Re: ANN: Release of class-specific subsets of WebDataCommons Schema.org Data from Simon Spero on 2014-12-05 (public-vocabs@w3.org from December 2014)

From: Simon Spero <sesuncedu@gmail.com>
Date: Fri, 5 Dec 2014 09:32:17 -0500
To: Robert Meusel <robert@informatik.uni-mannheim.de>
Cc: W3C Web Schemas Task Force <public-vocabs@w3.org>
Message-ID: <CADE8KM5USa9oOZXdkWHFNbyVodMa8NiWT9VNMUb+QKnd5=iD8g@mail.gmail.com>

Robert -
I notice that, in at least some of the sample data, the predicates IRIs are
formed by appending the property name to the class IRI - for example:
"<http://schema.org/Corporation/employees>".
This conflicts with the schema.org magic sub property rules.

I believe that the propertyURI value for schema.org is "vocabulary", which
would generate the correct predicate IRI <http://schema.org/employees>.

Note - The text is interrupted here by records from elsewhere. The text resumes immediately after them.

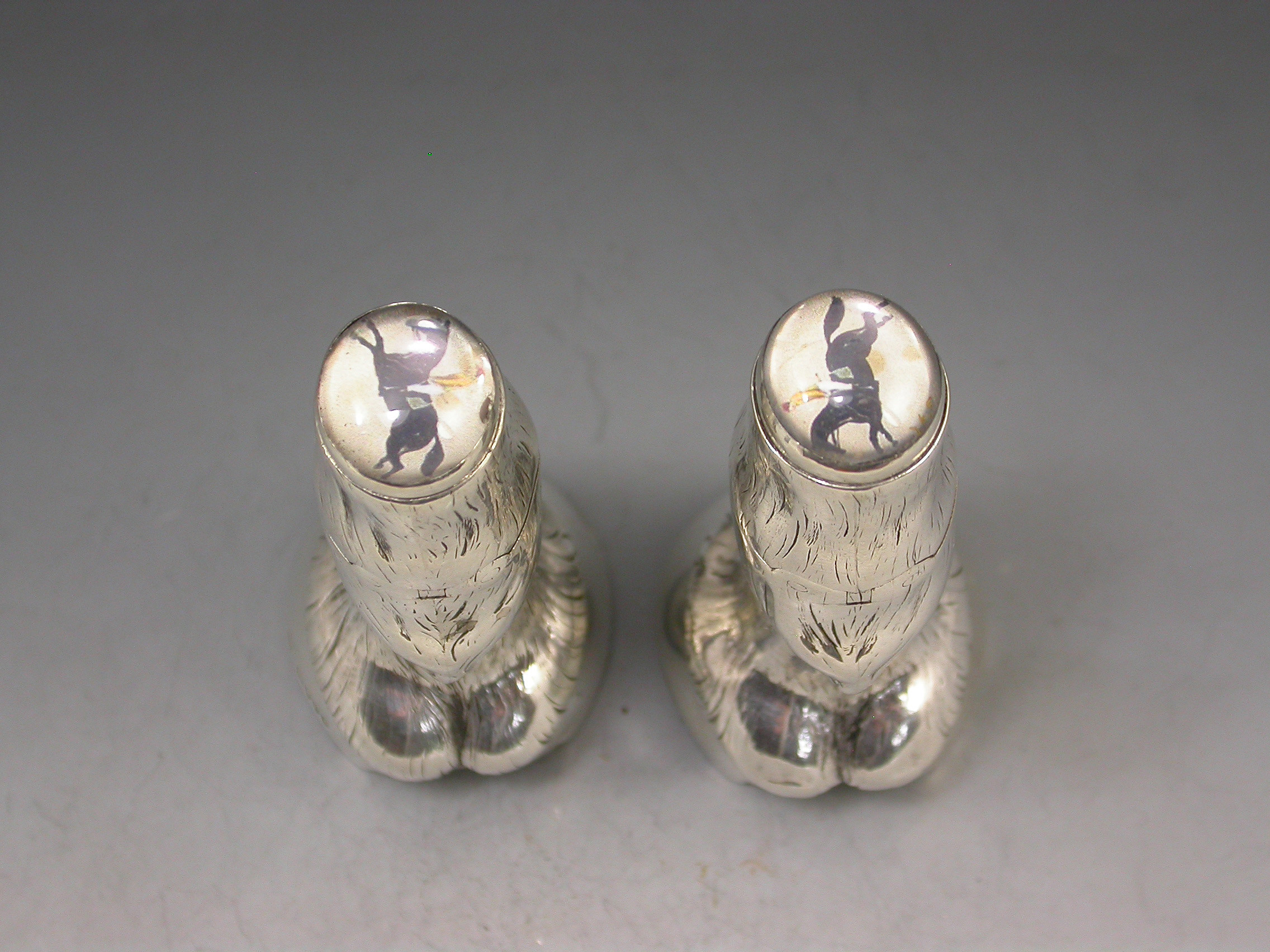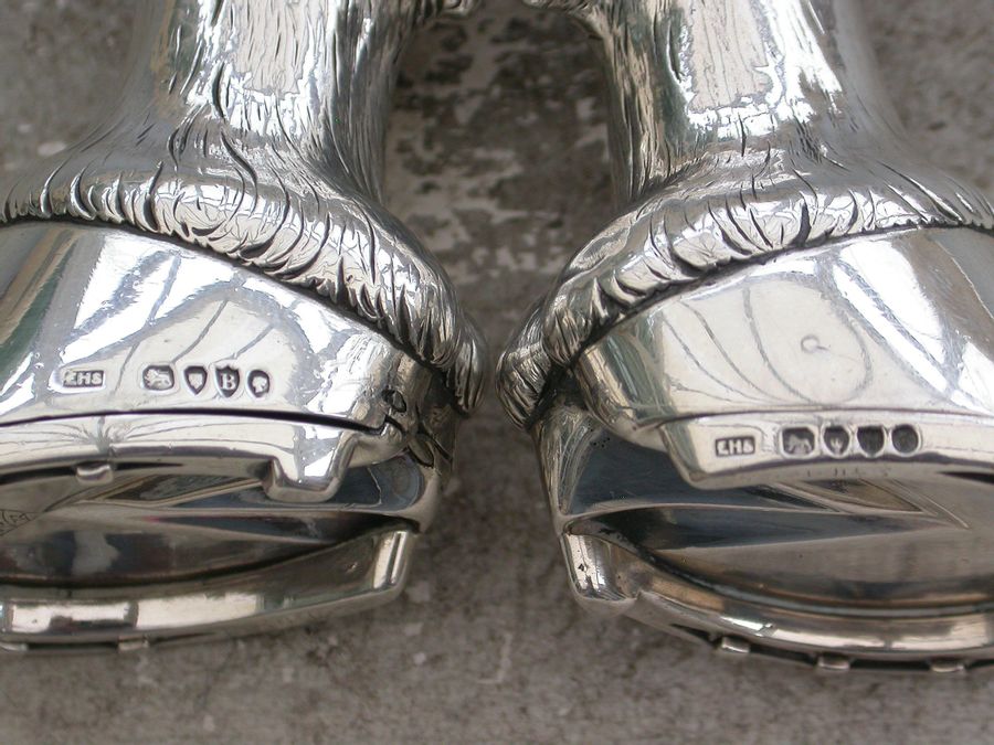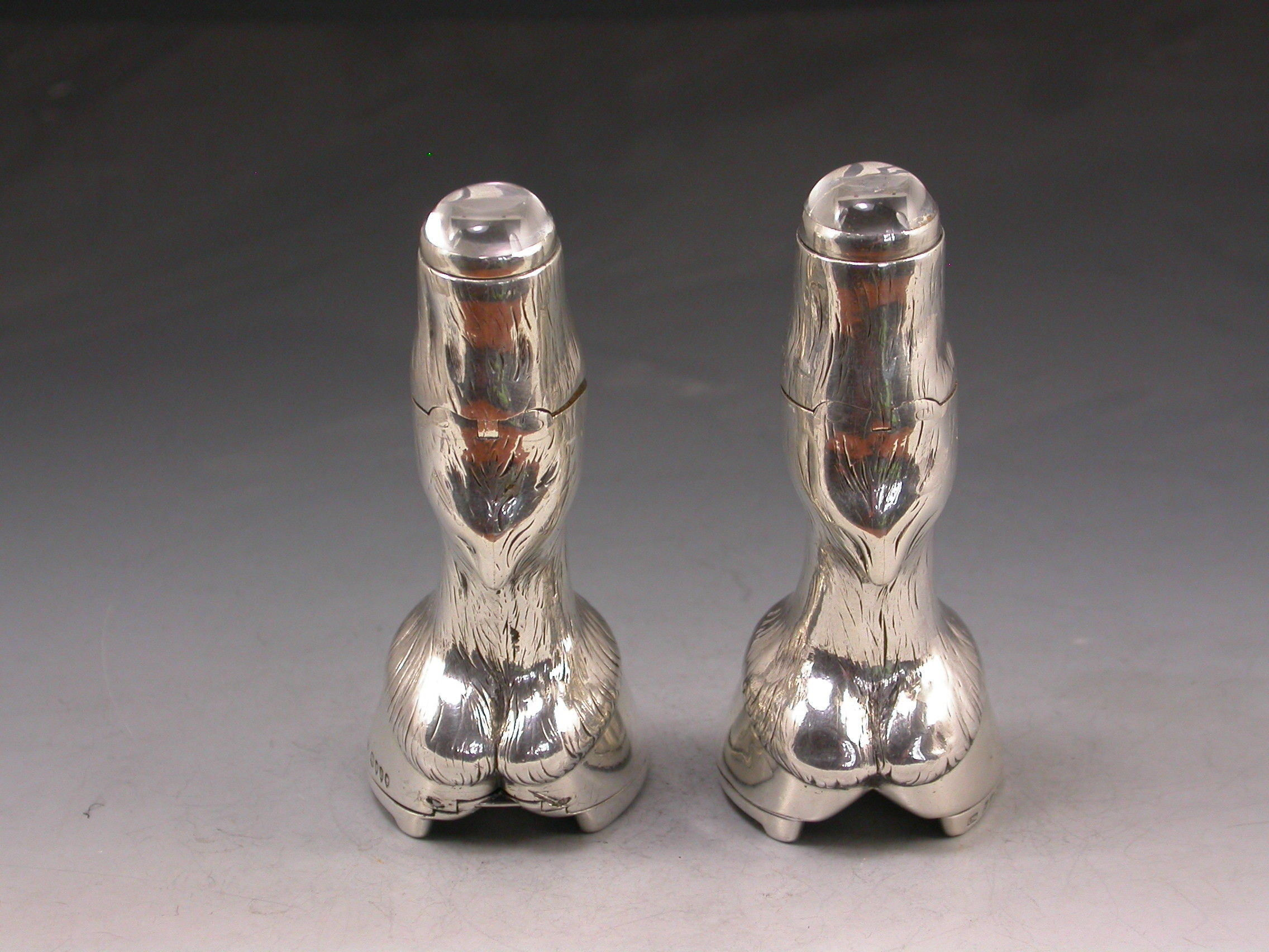 Pair Victorian Novelty Silver Horses Hoof & Fetlock Scent Bottles
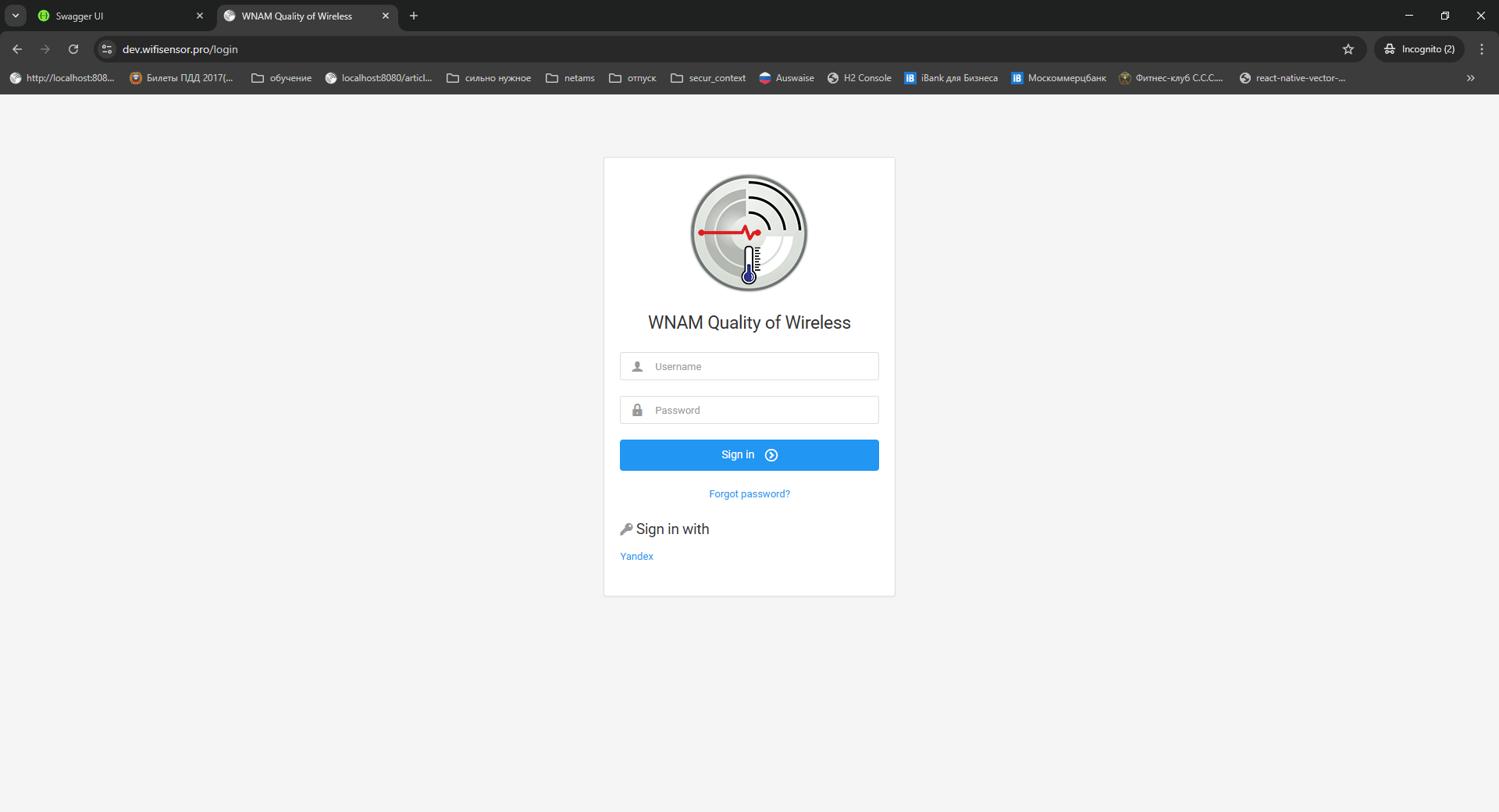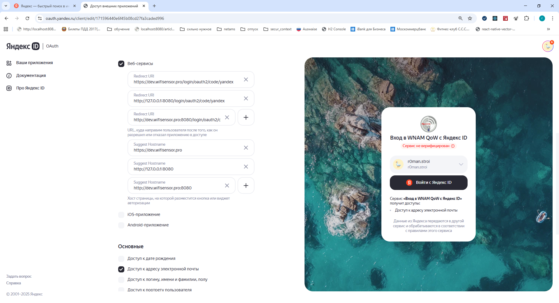 - RedirectURI: https://dev.wifisensor.pro/login/oauth2/code/yandex здесь https://dev.wifisensor.pro - адрес хоста сервера QoW, часть пути после "/code/" с текстом "yandex" - идентификатор провайдера SSO (Т.е. для локально работающего сервера значение параметра выглядит как http://127.0.0.1:8080/login/oauth2/code/yandex);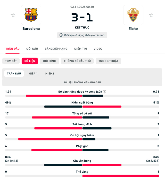 Chỉ 2 phút sau, một pha cắt bóng hỏng của hậu vệ Elche tạo cơ hội cho Fermin Lopez dọn cỗ để Ferran Torres nhân đôi cách biệt cho đội chủ nhà.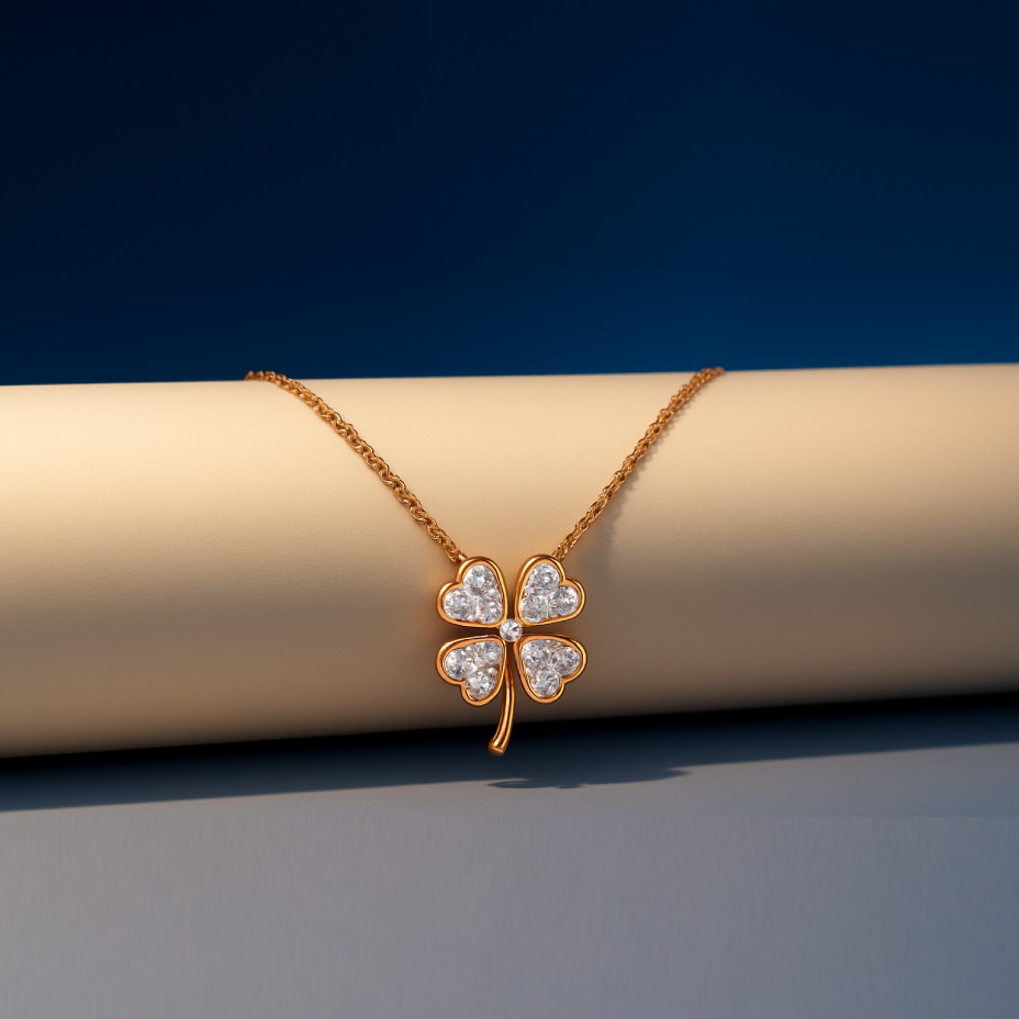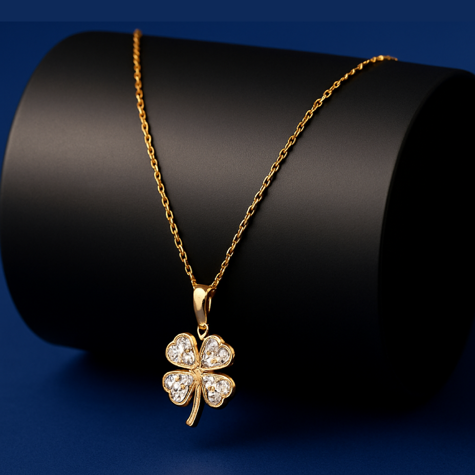 A Korean-inspired pendant necklace featuring a delicate four-leaf clover — a timeless symbol of luck, love, and happiness.

As long as there were no sdo magic subproperties in the original data, this
should be simple  to fix in post.

See: <http://www.w3.org/TR/microdata-rdf/#introduction>

Simon
On Dec 5, 2014 6:10 AM, "Robert Meusel" <robert@informatik.uni-mannheim.de>
wrote:

>  Dear All,
>
> The WebDataCommons team is happy to announce that we have released several
> class-specific subsets of the Schema.org Data contained in our Winter 2013
> Microdata corpus [1]. We hope that providing those topic-specific subsets
> for over 50 different Schema.org classes (like product, event, or address)
> will make it easier for the community to explore and work with the data.
>
> The different datasets, along with some statistics about the data can be
> found here:
> http://webdatacommons.org/structureddata/2013-11/stats/schema_org_subsets.html
>
> The subsets contain all instances of a specific class as well as all other
> data that is found on the webpages containing these instances. For example,
> a page containing data about a product might also contain reviews and
> offers for this product; a page containing data about an event might also
> contain data about the location of the event and the persons involved in
> the event. The data was originally extracted using Any23 [2] from the
> Winter 2013 crawl provided by the Common Crawl Foundation [3]. The
> extracted data is represented in N-Quads [4] format, meaning that the forth
> element of each quad contains the URL of the webpage from which the data
> was extracted.
>
> We thank the Common Crawl Foundation for providing their Web corpera.
>
> Best Regards,
>
> Chris, Heiko & Robert
>
>
>
> [1] http://webdatacommons.org/structureddata/2013-11/stats/stats.html
> [2] http://any23.apache.org
> [3] http://commoncrawl.org
> [4] http://www.w3.org/TR/n-quads/
>
> --
> Robert Meusel
> Chair of Information Systems V
> Web-based Systems Group
> Universität Mannheim
> B6, 26, Room C1.04
> D-68159 Mannheim
> Phone: +49 621 181 2648
> Mail: robert@informatik.uni-mannheim.de
> Web: dws.informatik.uni-mannheim.de
>
>

Received on Friday, 5 December 2014 14:32:43 UTC